Segment Start: Dataset content
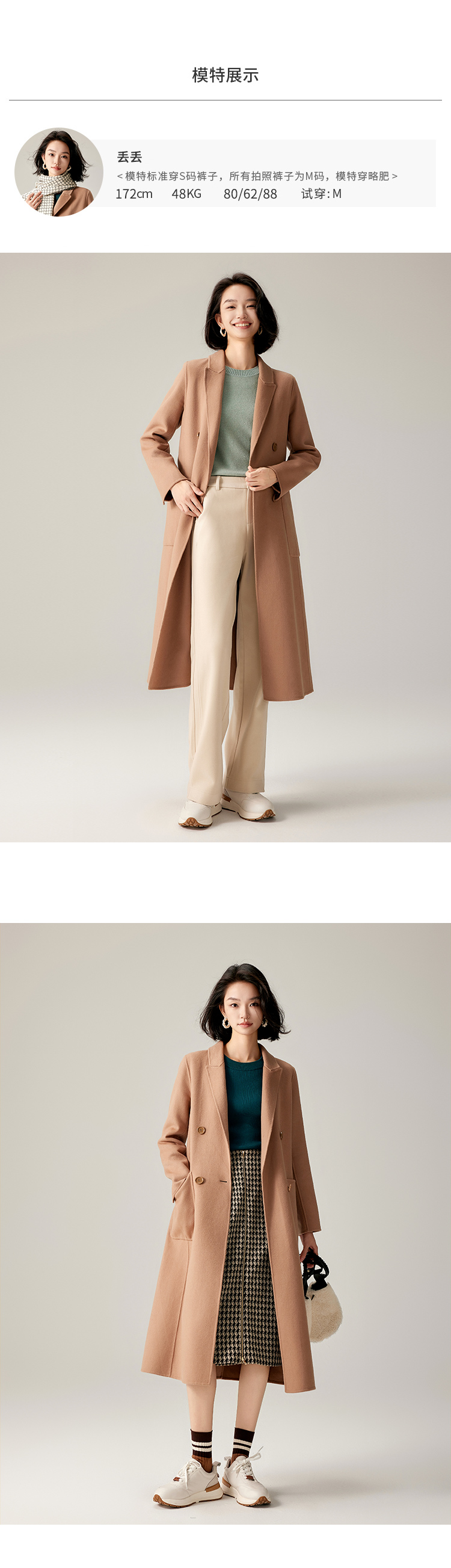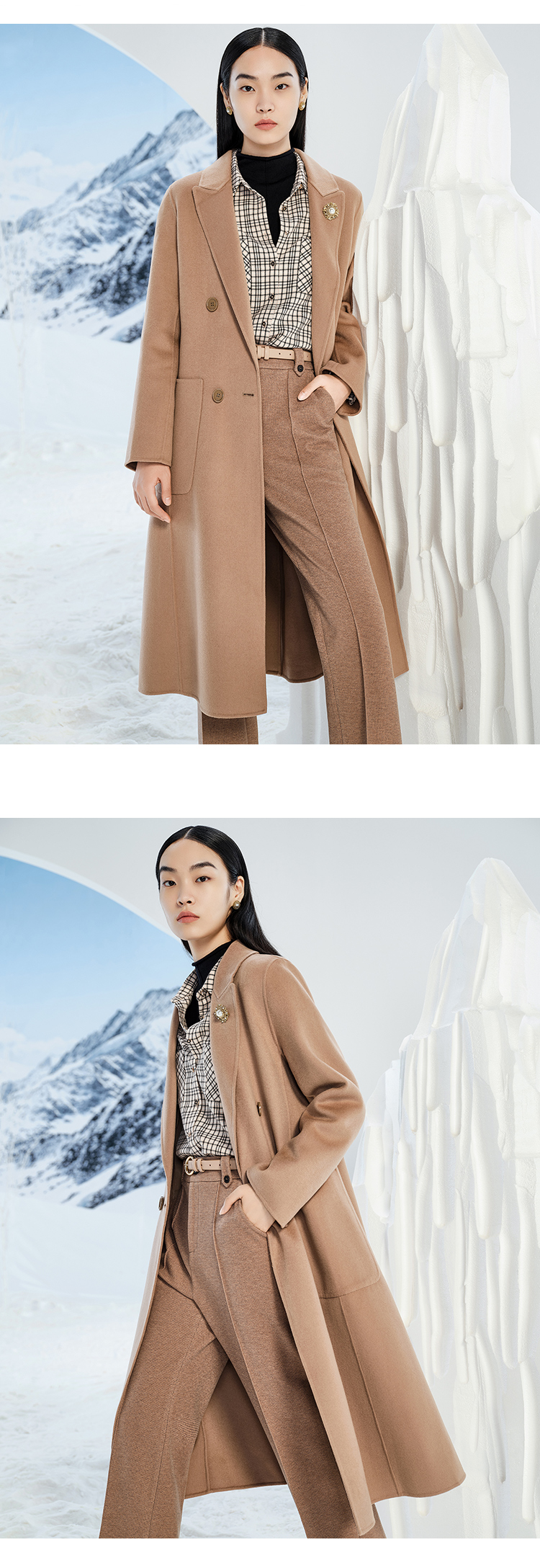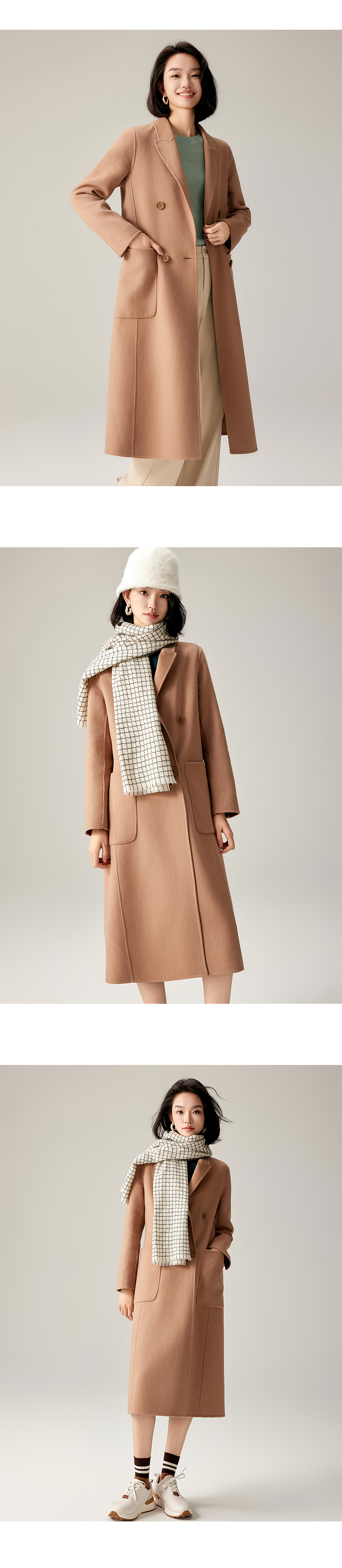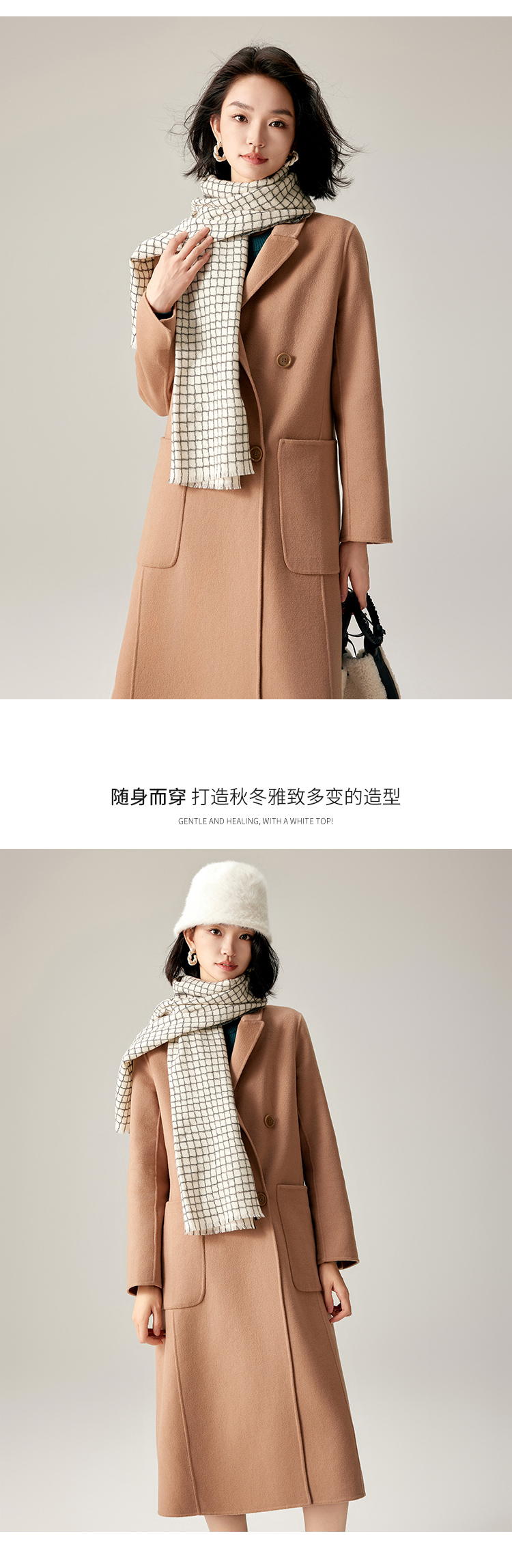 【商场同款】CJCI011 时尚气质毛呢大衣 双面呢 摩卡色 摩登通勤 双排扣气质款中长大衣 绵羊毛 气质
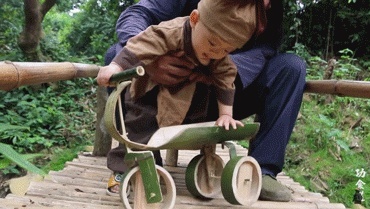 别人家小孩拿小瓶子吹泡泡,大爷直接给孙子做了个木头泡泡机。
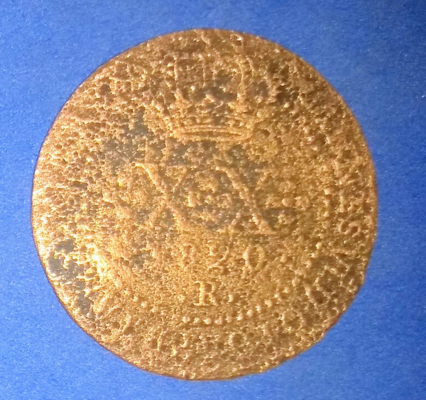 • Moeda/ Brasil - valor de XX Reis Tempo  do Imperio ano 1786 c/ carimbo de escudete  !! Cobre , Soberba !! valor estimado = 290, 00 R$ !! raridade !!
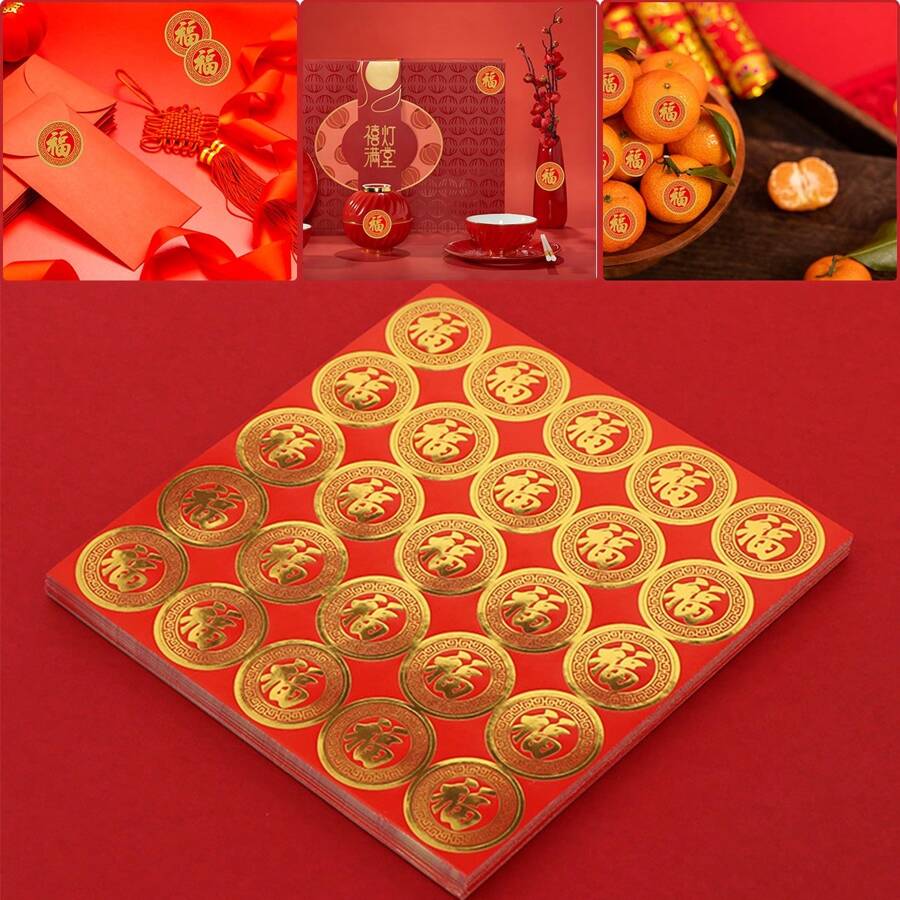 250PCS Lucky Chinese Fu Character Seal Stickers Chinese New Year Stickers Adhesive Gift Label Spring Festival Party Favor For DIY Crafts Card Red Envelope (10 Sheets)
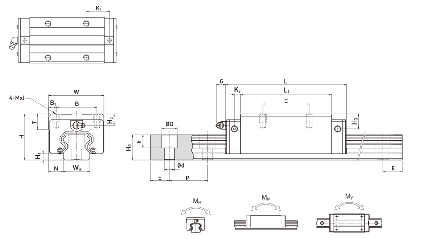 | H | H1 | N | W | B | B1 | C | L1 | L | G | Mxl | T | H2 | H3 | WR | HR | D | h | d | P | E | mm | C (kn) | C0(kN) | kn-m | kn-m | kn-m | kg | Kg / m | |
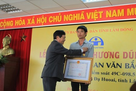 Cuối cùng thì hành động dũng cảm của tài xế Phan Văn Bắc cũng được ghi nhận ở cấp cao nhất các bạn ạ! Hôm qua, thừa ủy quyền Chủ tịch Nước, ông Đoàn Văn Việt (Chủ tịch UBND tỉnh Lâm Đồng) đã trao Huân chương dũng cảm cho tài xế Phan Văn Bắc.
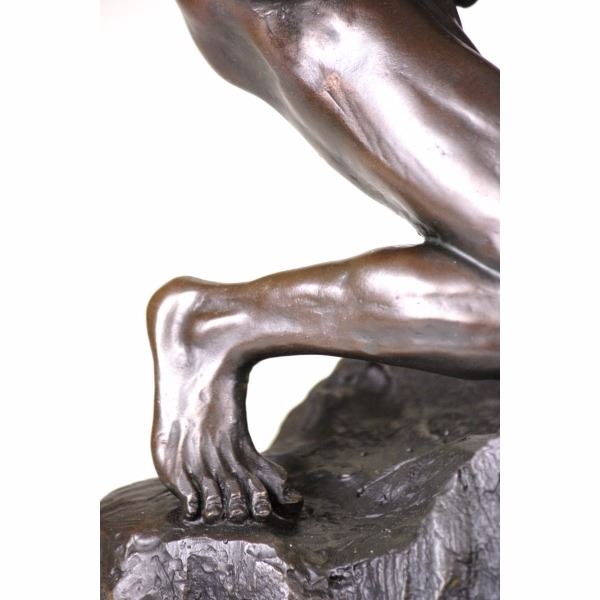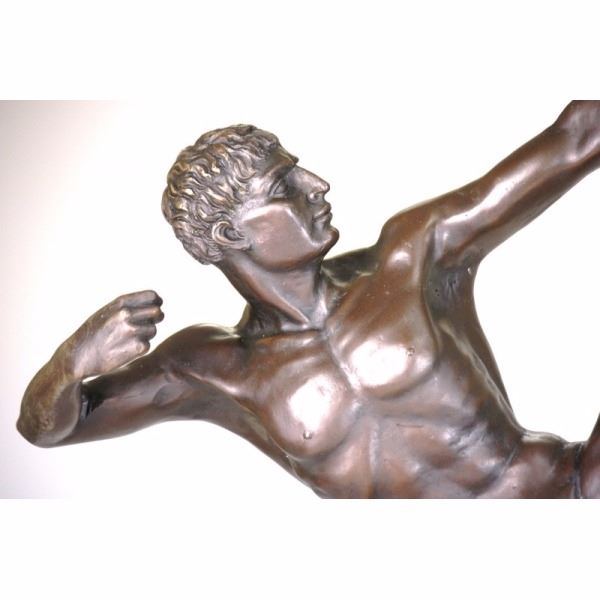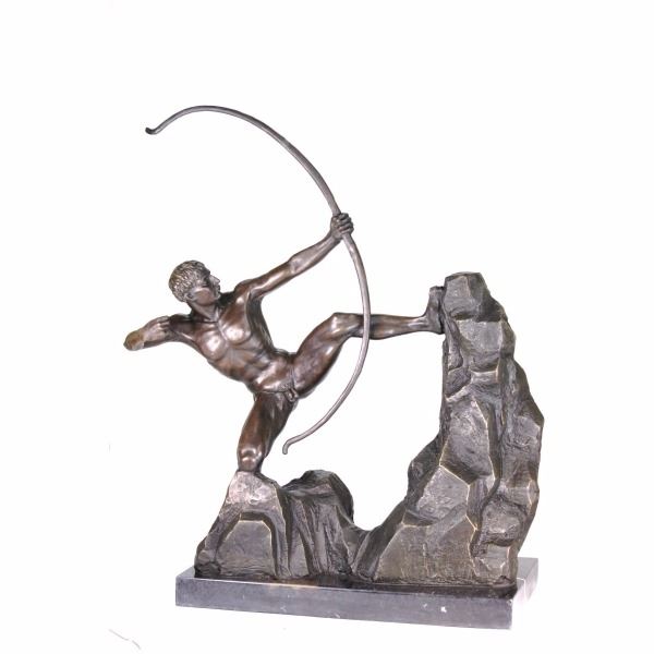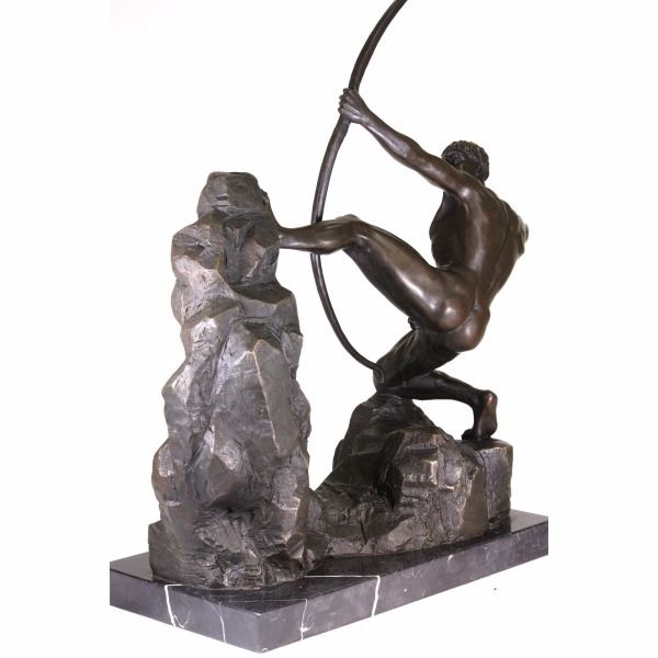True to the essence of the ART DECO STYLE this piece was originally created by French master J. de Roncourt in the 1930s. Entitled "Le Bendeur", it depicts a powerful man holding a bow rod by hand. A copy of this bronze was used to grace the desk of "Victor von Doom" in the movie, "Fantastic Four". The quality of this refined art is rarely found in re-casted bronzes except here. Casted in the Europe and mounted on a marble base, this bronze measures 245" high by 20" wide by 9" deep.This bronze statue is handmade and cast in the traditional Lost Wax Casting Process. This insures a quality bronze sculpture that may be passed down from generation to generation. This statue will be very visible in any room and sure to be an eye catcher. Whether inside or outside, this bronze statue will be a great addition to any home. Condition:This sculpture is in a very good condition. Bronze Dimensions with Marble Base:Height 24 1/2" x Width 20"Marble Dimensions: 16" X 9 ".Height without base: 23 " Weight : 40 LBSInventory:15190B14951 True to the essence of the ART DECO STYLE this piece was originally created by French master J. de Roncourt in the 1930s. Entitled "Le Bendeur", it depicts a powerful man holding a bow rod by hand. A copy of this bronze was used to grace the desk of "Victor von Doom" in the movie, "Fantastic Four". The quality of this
Segment End: Dataset content
-- Your goal --
Your copy should repeat each entry above exactly but contain no pictures.

-- Solution --
 【商场同款】CJCI011 时尚气质毛呢大衣 双面呢 摩卡色 摩登通勤 双排扣气质款中长大衣 绵羊毛 气质
 别人家小孩拿小瓶子吹泡泡,大爷直接给孙子做了个木头泡泡机。
 • Moeda/ Brasil - valor de XX Reis Tempo  do Imperio ano 1786 c/ carimbo de escudete  !! Cobre , Soberba !! valor estimado = 290, 00 R$ !! raridade !!
 250PCS Lucky Chinese Fu Character Seal Stickers Chinese New Year Stickers Adhesive Gift Label Spring Festival Party Favor For DIY Crafts Card Red Envelope (10 Sheets)
 | H | H1 | N | W | B | B1 | C | L1 | L | G | Mxl | T | H2 | H3 | WR | HR | D | h | d | P | E | mm | C (kn) | C0(kN) | kn-m | kn-m | kn-m | kg | Kg / m | |
 Cuối cùng thì hành động dũng cảm của tài xế Phan Văn Bắc cũng được ghi nhận ở cấp cao nhất các bạn ạ! Hôm qua, thừa ủy quyền Chủ tịch Nước, ông Đoàn Văn Việt (Chủ tịch UBND tỉnh Lâm Đồng) đã trao Huân chương dũng cảm cho tài xế Phan Văn Bắc.
True to the essence of the ART DECO STYLE this piece was originally created by French master J. de Roncourt in the 1930s. Entitled "Le Bendeur", it depicts a powerful man holding a bow rod by hand. A copy of this bronze was used to grace the desk of "Victor von Doom" in the movie, "Fantastic Four". The quality of this refined art is rarely found in re-casted bronzes except here. Casted in the Europe and mounted on a marble base, this bronze measures 245" high by 20" wide by 9" deep.This bronze statue is handmade and cast in the traditional Lost Wax Casting Process. This insures a quality bronze sculpture that may be passed down from generation to generation. This statue will be very visible in any room and sure to be an eye catcher. Whether inside or outside, this bronze statue will be a great addition to any home. Condition:This sculpture is in a very good condition. Bronze Dimensions with Marble Base:Height 24 1/2" x Width 20"Marble Dimensions: 16" X 9 ".Height without base: 23 " Weight : 40 LBSInventory:15190B14951 True to the essence of the ART DECO STYLE this piece was originally created by French master J. de Roncourt in the 1930s. Entitled "Le Bendeur", it depicts a powerful man holding a bow rod by hand. A copy of this bronze was used to grace the desk of "Victor von Doom" in the movie, "Fantastic Four". The quality of this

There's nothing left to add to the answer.